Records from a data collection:
--------------------------------------------------
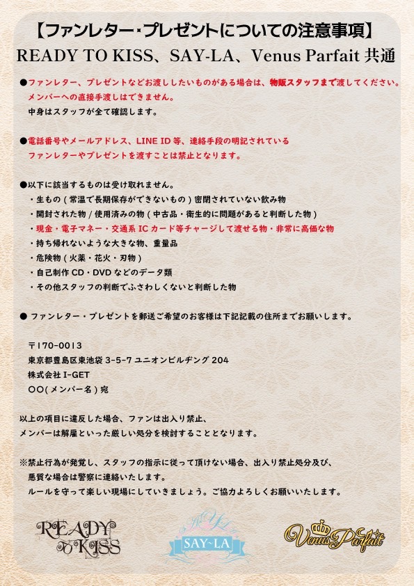 ファンレター・プレゼントについての注意事項
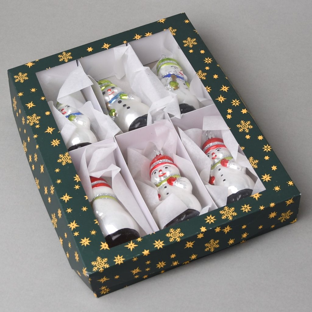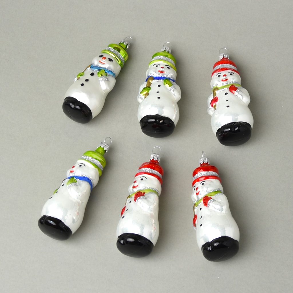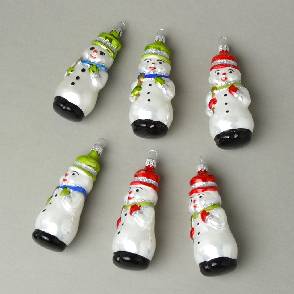 Sada 6 sněhuláků 10,5 cm - vánoční ozdoba skleněná
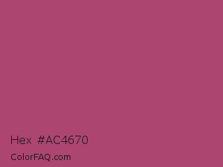 Hex #ac4670 Color is a normal rose color and the nearest color is Raspberry Rose #b3446c. Hex code #ac4670 and RGB value is rgb(172,70,112). In RGB color space, this color is composed of 67% red, 27% green, 44% blue, In CMYK color space, this color is composed of 0% cyan, 59% magenta, 35% yellow , 33% black , In HSL color space, this color has a hue angle of 335° , 42% saturation and 47% lightness.
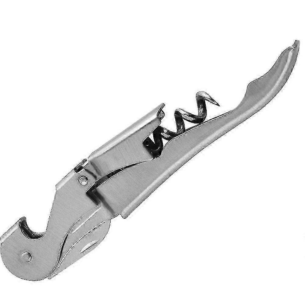 Double Hinged Waiters Corkscrew, Matte Black Wine Opener with Foil Cutter - Silver
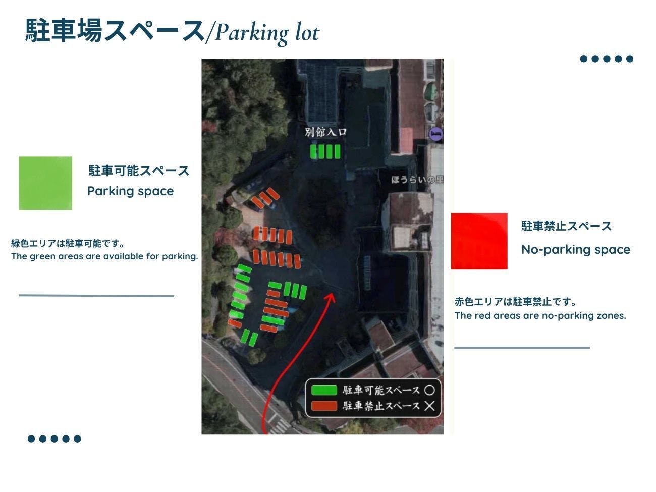 ・ค่าใช้จ่าย: ฟรีสำหรับผู้เข้าพัก ・ที่จอดรถ: ความยาวรถ --- ความกว้างของรถ --- ความสูงของรถ --- ・จำนวนที่จอดรถ: 30คัน ・บริการรับจอดรถ: ไม่มี ลูกค้าที่พักที่【อาคารเสริม】กรุณาจอดรถใน【พื้นที่เสียค่าบริการ】 ※เฉพาะอาคารหลักเท่านั้นที่สามารถจอดรถบัสท่องเที่ยวได้ ค่าจอดรถบัสคือ 1,100 เยน
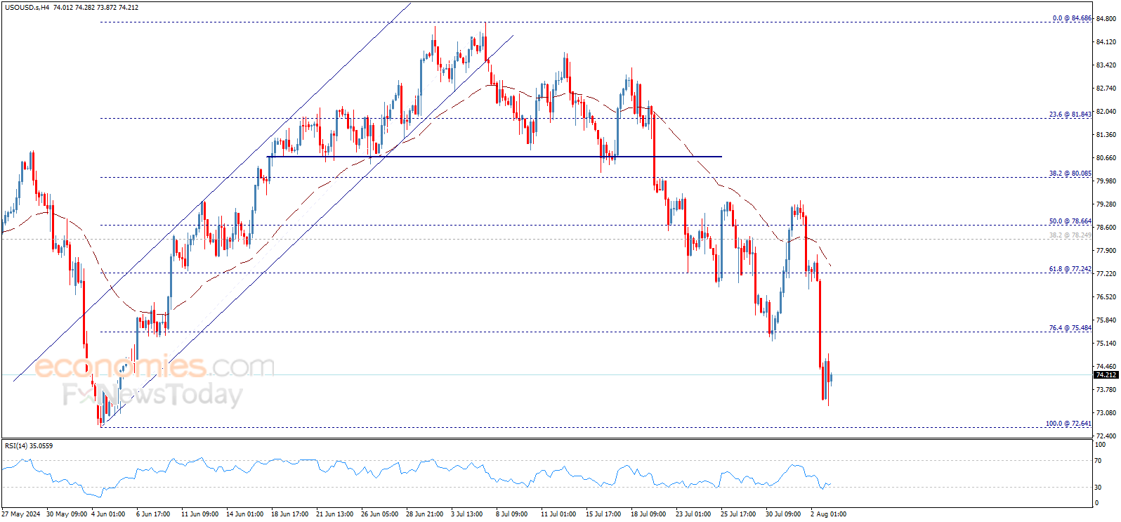 تستقر تداولات سعر النفط حول حاجز 74.00$ دولار بعد الانخفاض القوي الذي شهده في الجلسات الماضية، بانتظار استئناف التداولات السلبية لزيارة مستوى 72.64$ الذي يمثّل هدفنا الرئيسي التالي، ليبقى سيناريو الاتجاه الهابط مرجحاً على المدى اللحظي والقصير.
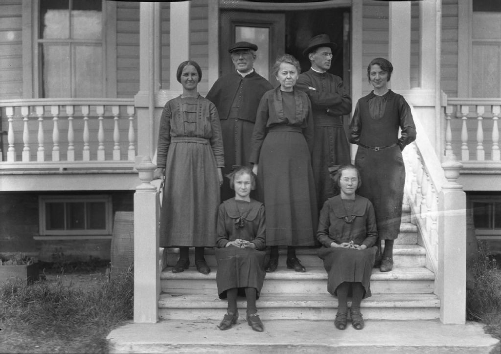 Groupe sur les marches de l'Évêché de Havre-Saint-Pierre, 1925, Archives nationales à Sept-Îles, Fonds Joseph-Émile Chabot, (09N,P61,S1,P97), Photographe non identifié.
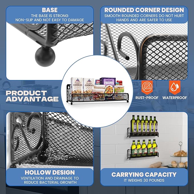 • Large Capacity & Height Adjustable: Our spice racks designed for maximum flexibility, capacity larger 40% than others. wide basket is designed to fit larger items, such as big bottles and cans, providing compatibility with a wide range of kitchen essentials.
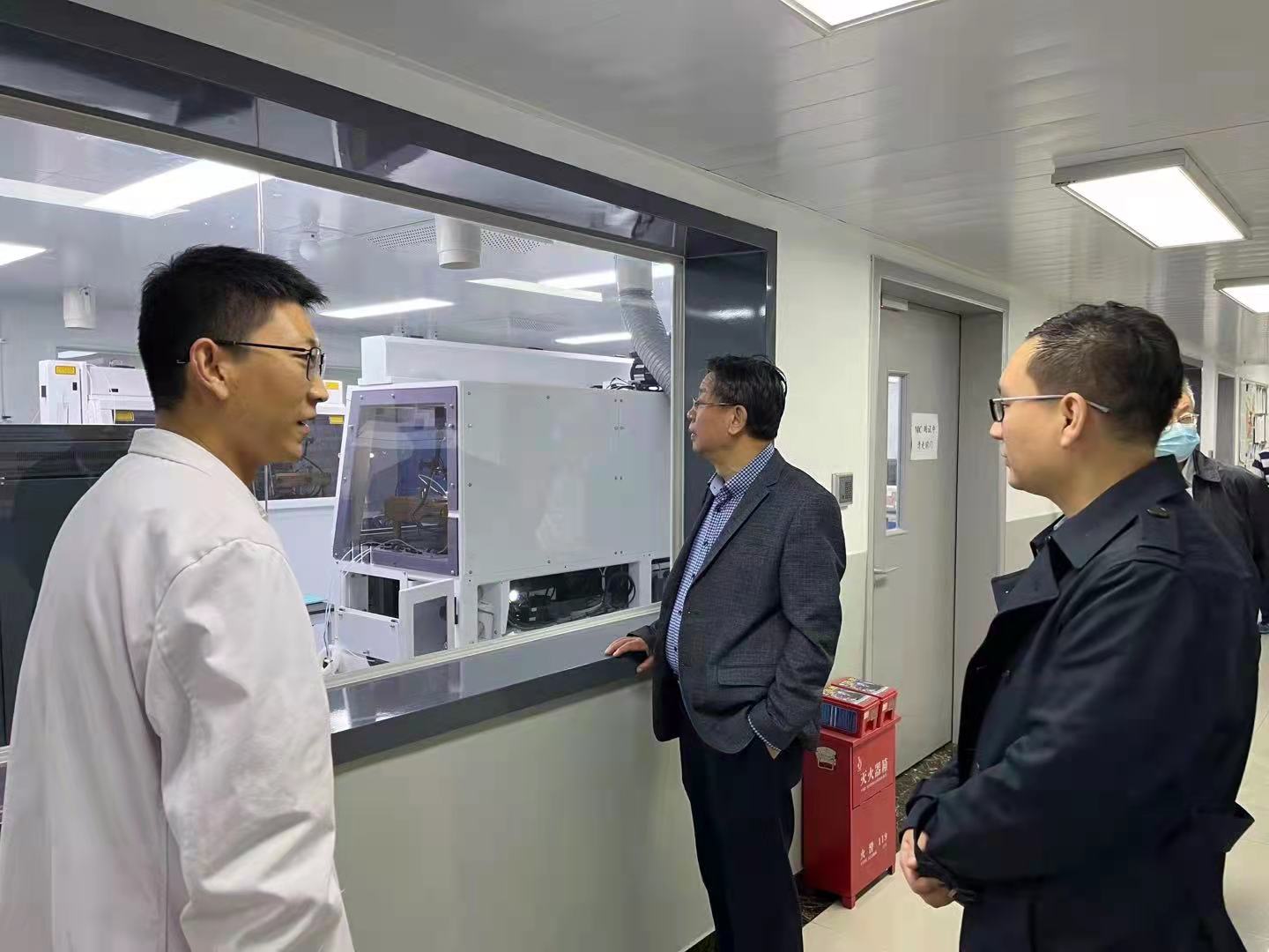 图1 省科技厅主管处郭处长考察实验室的大型仪器
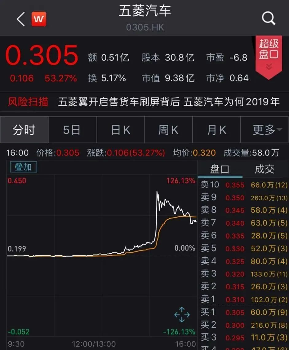 6月3日,五菱榮光的一篇文章更是刷爆全網(wǎng),人民需要什么,五菱就造什么,光速推出“擺攤神車”,在號稱是地攤兒正規(guī)軍的消息助推下,港股五菱汽車股價一度暴漲超120%。雖然收盤價有所回落,但五菱汽車漲幅依然高達53%,報0.305港元/股。
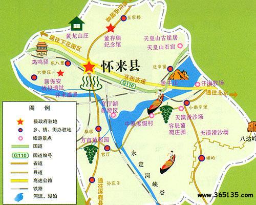 生態(tài)環(huán)境良好:該縣地處北京上風(fēng)上水,空氣清新,山清水秀,景色怡人,具有良好的生態(tài)環(huán)境。全縣林地面積129.5萬多畝,森林覆蓋率達(dá)到30.4%。位于懷來盆地中央的官廳水庫猶如一顆璀璨的明珠鑲嵌其中,環(huán)水庫周圍擁有梨園、海棠園、葡萄園等眾多花果園,臥牛山旅游度假、太師莊休閑度假、永定河峽谷漂流、天漠滑沙旅游多個各具特色的旅游景點、景區(qū)交叉點綴。集葡萄種植、加工、旅游于一體的容辰葡萄莊園,被國家批準(zhǔn)為首批農(nóng)業(yè)旅游示范點。天皇山、白龍?zhí)兜茸匀伙L(fēng)景區(qū),植被茂盛,風(fēng)景秀美。黃龍山莊花香幽遠(yuǎn),生態(tài)觀光獨具特色。
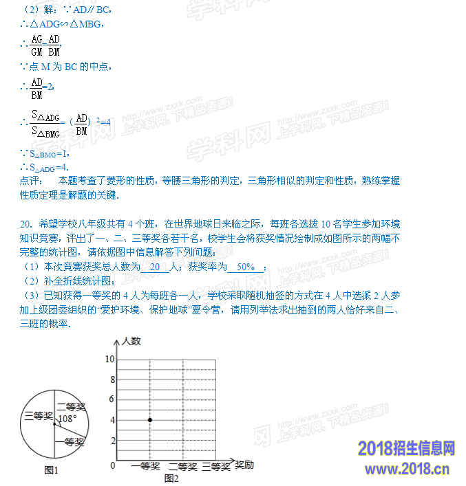 分析: (1)先利用扇形统计图计算出一等奖所占的百分比,然后用一等奖的人数除以它所占百分比即可得到获奖总人数,再计算获奖率;
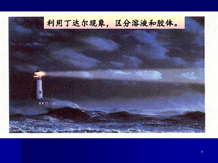 l Tyndall Effect When a light beam enter through a colloidal dispersion, the beam becomes visible. This phenomenon, known as the Tyndall effect. It is due to the fact that small particles scatter light in all directions. 6
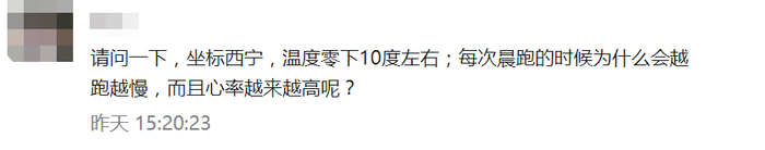 此外还有不少跑友反映,冬季温度已经很低了,为何一开跑心率就很高,即使速度降到很慢,心率也降不下来,这种情况要持续一二十分钟心率才会慢慢降下来。
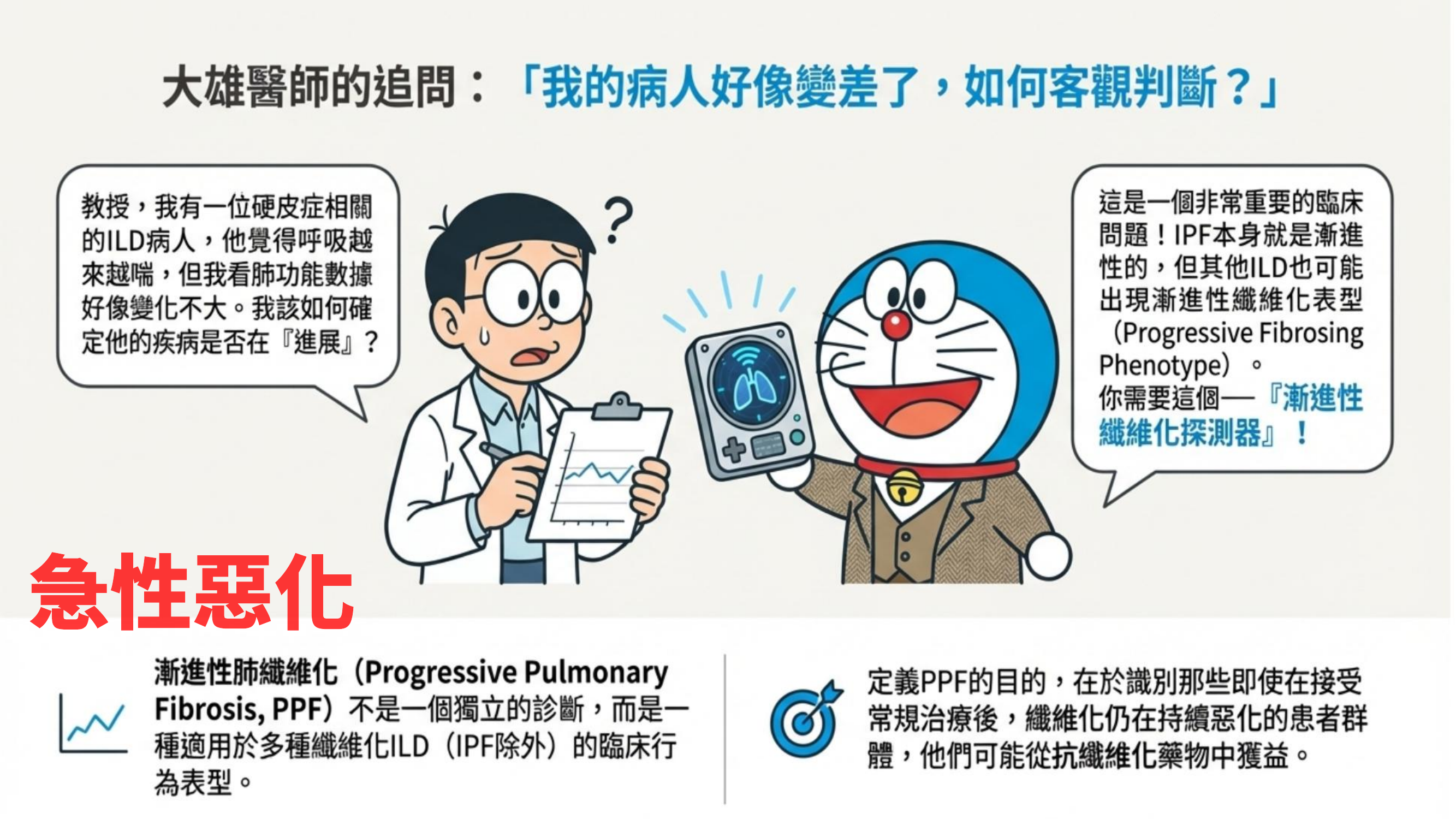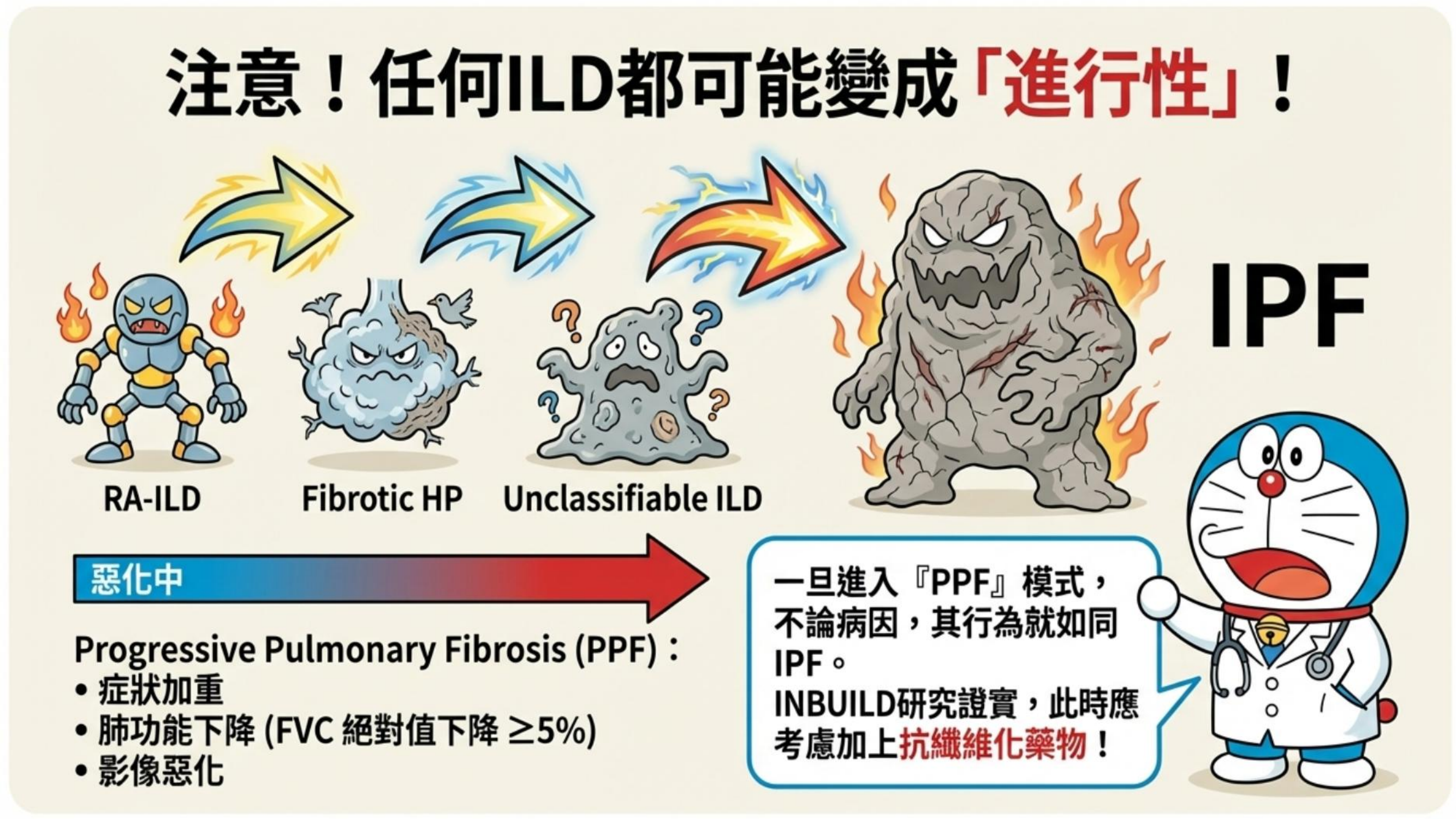 - 定義:PPF 不是單一疾病,而是任何 ILD(如 RA-ILD, HP, NSIP)在治療過程中,出現類似 IPF 的「進行性惡化」表型。
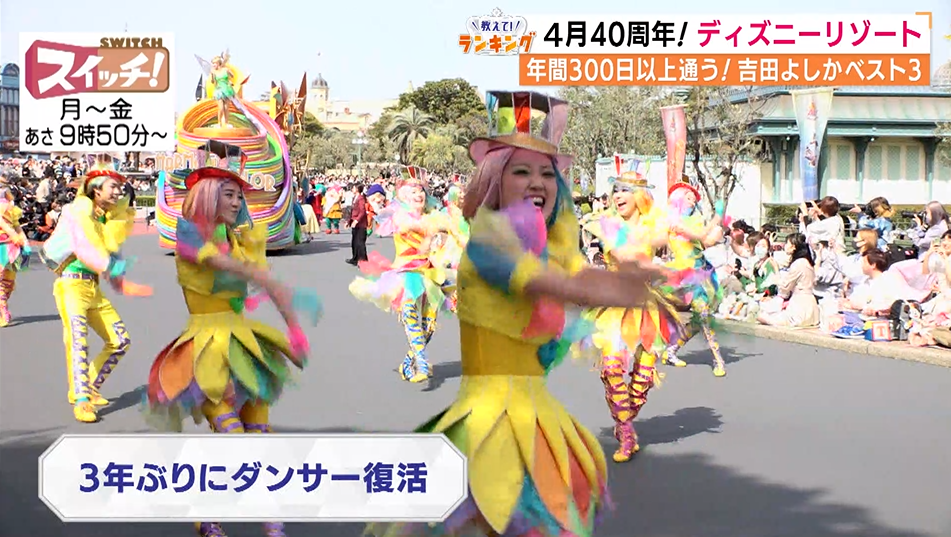 そこで、年間300日以上もパークに通うディズニーファンの吉田よしかさんに、40周年アニバーサリーイベントの魅力をランキング形式で伺いました。 東海テレビ『スイッチ!』4月24日放送から
--------------------------------------------------
** TASK REQUIREMENTS **
Reproduce, word for word, every line from the start of the records down to and including the line with "图1 省科技厅主管处郭处长考察实验室的大型仪器"; skip the pictures.

** YOUR SOLUTION **
 ファンレター・プレゼントについての注意事項
 Sada 6 sněhuláků 10,5 cm - vánoční ozdoba skleněná
 Hex #ac4670 Color is a normal rose color and the nearest color is Raspberry Rose #b3446c. Hex code #ac4670 and RGB value is rgb(172,70,112). In RGB color space, this color is composed of 67% red, 27% green, 44% blue, In CMYK color space, this color is composed of 0% cyan, 59% magenta, 35% yellow , 33% black , In HSL color space, this color has a hue angle of 335° , 42% saturation and 47% lightness.
 Double Hinged Waiters Corkscrew, Matte Black Wine Opener with Foil Cutter - Silver
 ・ค่าใช้จ่าย: ฟรีสำหรับผู้เข้าพัก ・ที่จอดรถ: ความยาวรถ --- ความกว้างของรถ --- ความสูงของรถ --- ・จำนวนที่จอดรถ: 30คัน ・บริการรับจอดรถ: ไม่มี ลูกค้าที่พักที่【อาคารเสริม】กรุณาจอดรถใน【พื้นที่เสียค่าบริการ】 ※เฉพาะอาคารหลักเท่านั้นที่สามารถจอดรถบัสท่องเที่ยวได้ ค่าจอดรถบัสคือ 1,100 เยน
 تستقر تداولات سعر النفط حول حاجز 74.00$ دولار بعد الانخفاض القوي الذي شهده في الجلسات الماضية، بانتظار استئناف التداولات السلبية لزيارة مستوى 72.64$ الذي يمثّل هدفنا الرئيسي التالي، ليبقى سيناريو الاتجاه الهابط مرجحاً على المدى اللحظي والقصير.
 Groupe sur les marches de l'Évêché de Havre-Saint-Pierre, 1925, Archives nationales à Sept-Îles, Fonds Joseph-Émile Chabot, (09N,P61,S1,P97), Photographe non identifié.
 • Large Capacity & Height Adjustable: Our spice racks designed for maximum flexibility, capacity larger 40% than others. wide basket is designed to fit larger items, such as big bottles and cans, providing compatibility with a wide range of kitchen essentials.
 图1 省科技厅主管处郭处长考察实验室的大型仪器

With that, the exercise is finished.